Hadoop Learning for the second time: Application scenario Deployment principle and basic framework of HDFS

Source: Internet
Author: User

Definition and characteristics of 1.HDFS

The disadvantage of a file as a basic storage unit: It is difficult to achieve load balancing-the file size is different, load balancing is difficult to achieve, the user control the file size;

It is difficult to parallelize processing--only one node resource can be used to process a file, and the cluster resources cannot be utilized;

The definition of HDFs: A distributed File system that is easy to expand, runs on a large number of inexpensive machines, provides a fault-tolerant mechanism, and provides a good performance file storage service for a large number of users;

Advantages: High fault tolerance (data automatically saves multiple copies, automatic recovery after copy loss) suitable for batch processing (mobile computing rather than data, data location exposure to computational framework) processing streaming file access for big data can be built on inexpensive machines

Not good: Low latency data access Small file access concurrent write, File random modification

2.HDFS Architecture

Namenode:master manages the namespace of HDFs to manage block mapping information, configure replica policies, and handle client read and write requests

Datanode:slave stores actual blocks of data, performs data block reads and writes

Client: File segmentation interacts with Namenode, obtains file location information, interacts with datanode, reads or writes data, manages HDFs, accesses HDFs

Secondary NameNode: Not NameNode hot-standby, auxiliary NameNode, share their workload; periodically merge fsimage and Fsedits, push to NameNode; assist recovery NameNode in case of emergency

3.HDFS Working principle

4HDFS combined with other systems

Hadoop Learning for the second time: Application scenario Deployment principle and basic framework of HDFS

Contact Us

The content source of this page is from Internet, which doesn't represent Alibaba Cloud's opinion; products and services mentioned on that page don't have any relationship with Alibaba Cloud. If the content of the page makes you feel confusing, please write us an email, we will handle the problem within 5 days after receiving your email.

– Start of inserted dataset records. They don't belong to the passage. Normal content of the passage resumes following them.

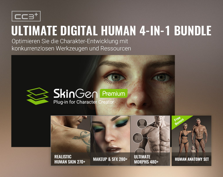SkinGen ist ein bedeutender Durchbruch beim Erstellen digitaler Menschen, da es ein ultrarealistisches dynamisches Materialsystem für die Erzeugung menschlicher Haut einführt. Eingebettet in branchenführende Scan-basierte Ressourcen lässt SkinGen die CC3+ Charaktere nicht nur großartig aussehen, sondern bereichert auch bestehende Projekte mit einem signifikanten visuellen Upgrade.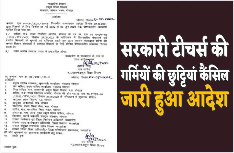भोपाल. मध्यप्रदेश में पंचायत चुनाव की घोषणा होने के कुछ घंटों बाद ही स्कूल शिक्षा विभाग ने बड़ा फैसला लेते हुए प्रदेश के सभी सरकारी स्कूलों के टीचर्स की गर्मियों की छुट्टियां निरस्त कर दी हैं। स्कूल शिक्षा विभाग की ओर से छुट्टियों को कैंसिल करने का एक आदेश भी जारी किया गया है जो तत्काल प्रभाव से लागू होगा। बता दें कि 1 मई से 9 जून तक शिक्षकों की गर्मियों की छुट्टियां घोषित की गई थीं जिन्हें अब पंचायत चुनावों के चलते निरस्त कर दिया गया है। जानकारी के मुताबिक त्रिस्तरीय पंचायत चुनाव में 4.25 लाख लोगों के स्टाफ की जरूरत होगी।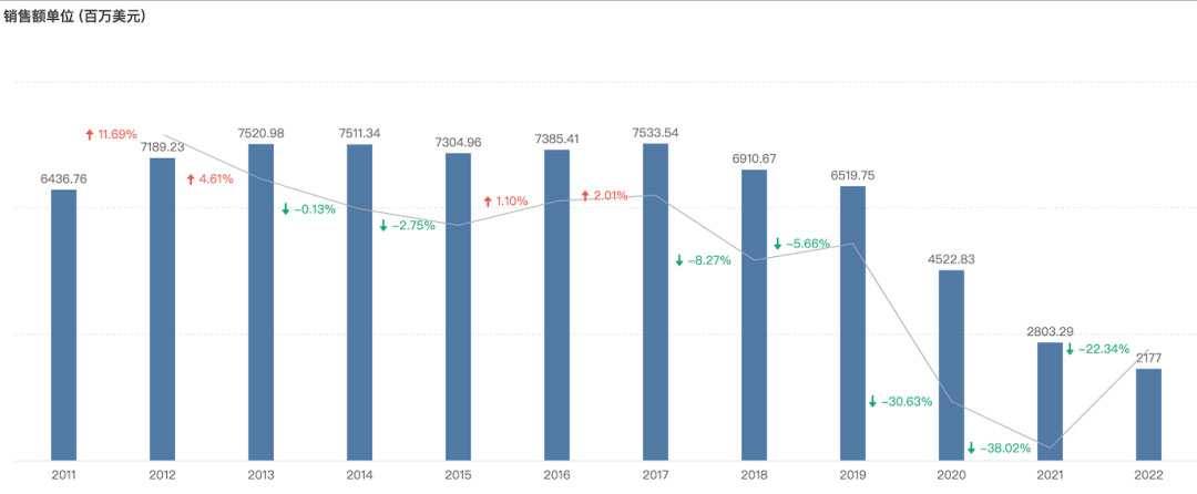 利妥昔单抗是第一代 CD20 单抗当中翘楚,作为罗氏老「三驾马车」之一,其峰值销售额达到 75.34 亿美元,虽然受类似药冲击,销售额下滑,但在 2022 年仍实现了 21.77 亿美元的销售额,位居罗氏销售额前十之列。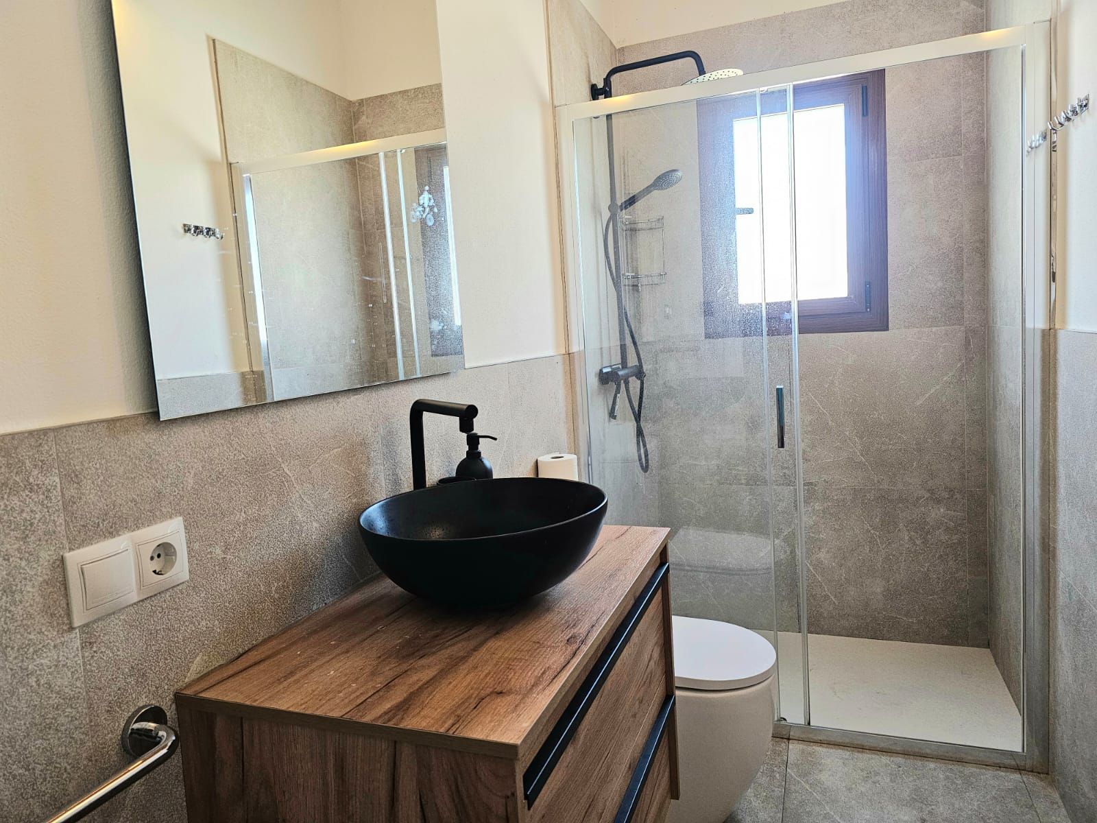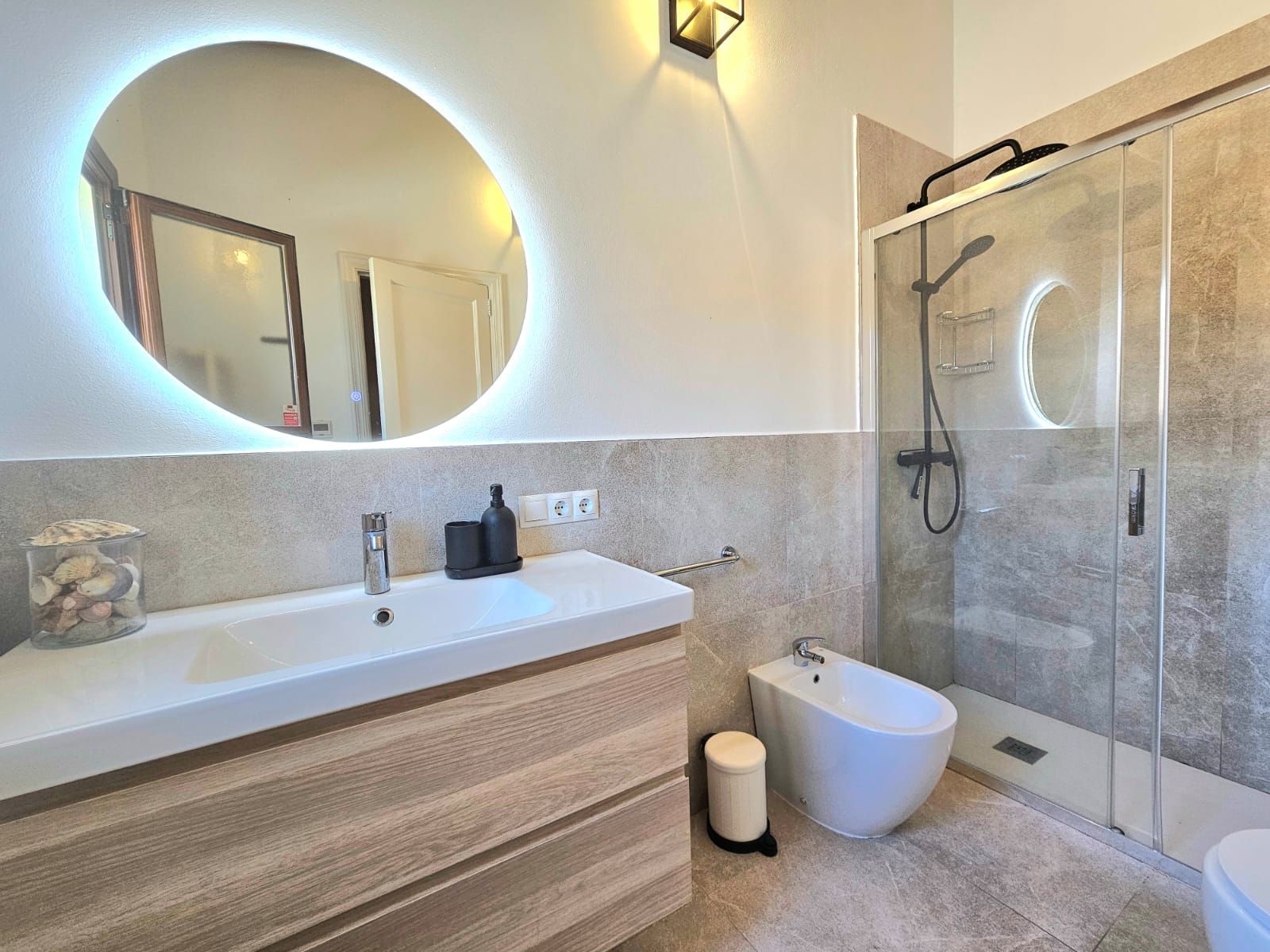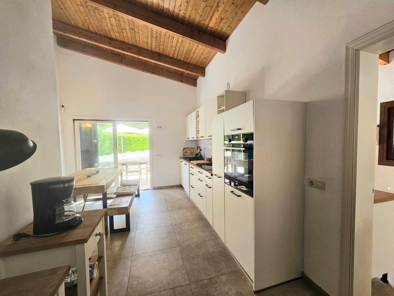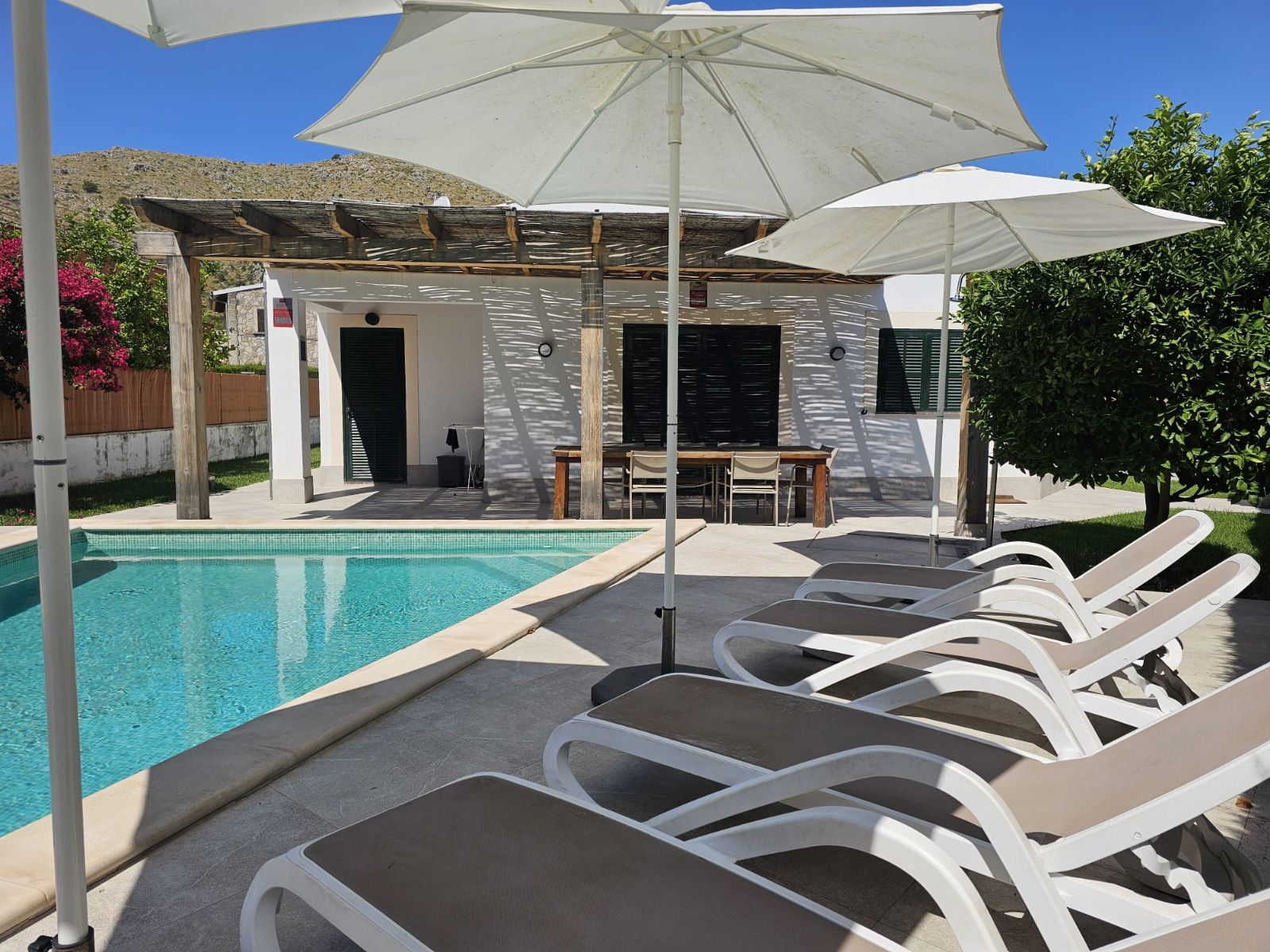 3 bedrooms, 2 bathrooms, an open-plan living and dining area, kitchen with large laundry and storage room, and a pool with terraces and barbecue: This renovated 116 m2 villa in Puerto Alcudia is entirely on the ground floor and offers plenty of space for the whole family. The villa is equipped with Climalit double-glazed windows, air conditioning, underfloor heating in the bathrooms, pellet stove, fitted wardrobes, driveway parking and alarm system and has a holiday rental licence (ETV). The beautiful view of the Puig de Sant Martí is omnipresent in the garden and it is also not far to the beach.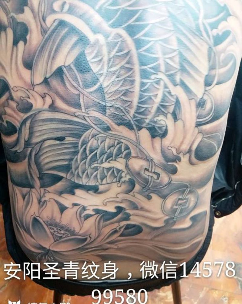 黑灰满背纹身图案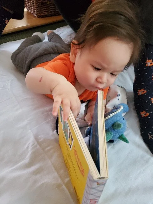 Exploration, discovery, and experience of how the world works are significant aspects of the development for the children in an infant group and thus forms what some would call “curriculum.” Knowing the developmental needs of children at this age, the teachers are very intentional about supporting and encouraging all aspects of their physical, cognitive, social, and emotional growth. For example, children’s large and fine motor skills are rapidly blossoming. Just weeks ago, only a limited portion of the room was being utilized for the children as they had their first experiences rolling over and creeping. Fast forward to this week and a room set up that includes many more things to explore that are a distance from the “home base” in the center of the room. These “destinations” delight the children who are now crawling, sitting, and pulling up to standing. They are motivated to challenge themselves to motor their way to the new areas. This can be strenuous work for a baby, but it is precisely what they crave and supports all domains of their development. It is heartwarming to celebrate with each child as they work with perseverance to master new skills, have confidence in themselves to take risks and show their innate desire to explore and learn.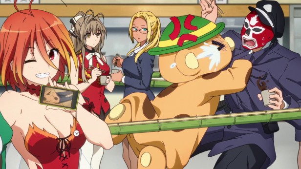 Though episodic in structure, with the overarching narrative moving ever-so-slowly in the background, Amagi Brilliant Park is inventive to a tee; the obligatory ‘beach trip’ has been replaced by a wet-n-wild pirate escapade, our heroes forced to deal with a bunch of charmed swashbucklers wreaking havoc around the pool attraction, while an episode that sees the over-worked Seiya ‘too sick to go to school’ emerges as an apex, the freed-up park personnel obliged to don a life-like suit of Seiya and attend class in his stead, each character causing a whirlwind of (unintentional) commotion for our bedridden boy wonder. My favorite eps, however, are the riotous OVA, which revolves around Seiya’s birthday, where a bunch of ill-timed mishaps threaten to foil his surprise name-day bash (amongst other things), and the OVA-like episode 13 — which takes place outside of the main storyline — centered on a promotional video that winds up being more dubious than enticing.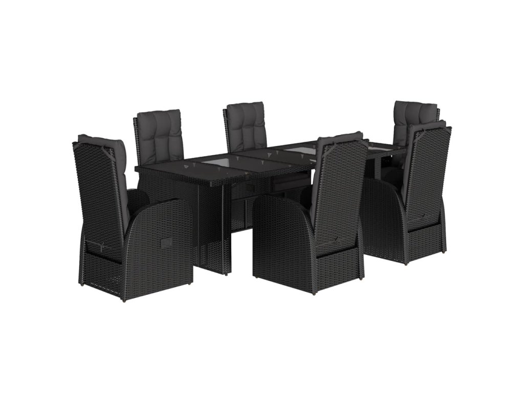 7dílný zahradní jídelní set s poduškami černý polyratan 3277640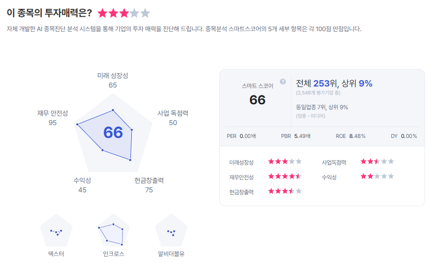 | 더핑크퐁컴퍼니 종목진단 (출처=초이스스탁) |

If you find any instances of plagiarism from the community, please send an email to: info-contact@alibabacloud.com and provide relevant evidence. A staff member will contact you within 5 working days.

A Free Trial That Lets You Build Big!

Start building with 50+ products and up to 12 months usage for Elastic Compute Service

  • Sales Support

    1 on 1 presale consultation

  • After-Sales Support

    24/7 Technical Support 6 Free Tickets per Quarter Faster Response

  • Alibaba Cloud offers highly flexible support services tailored to meet your exact needs.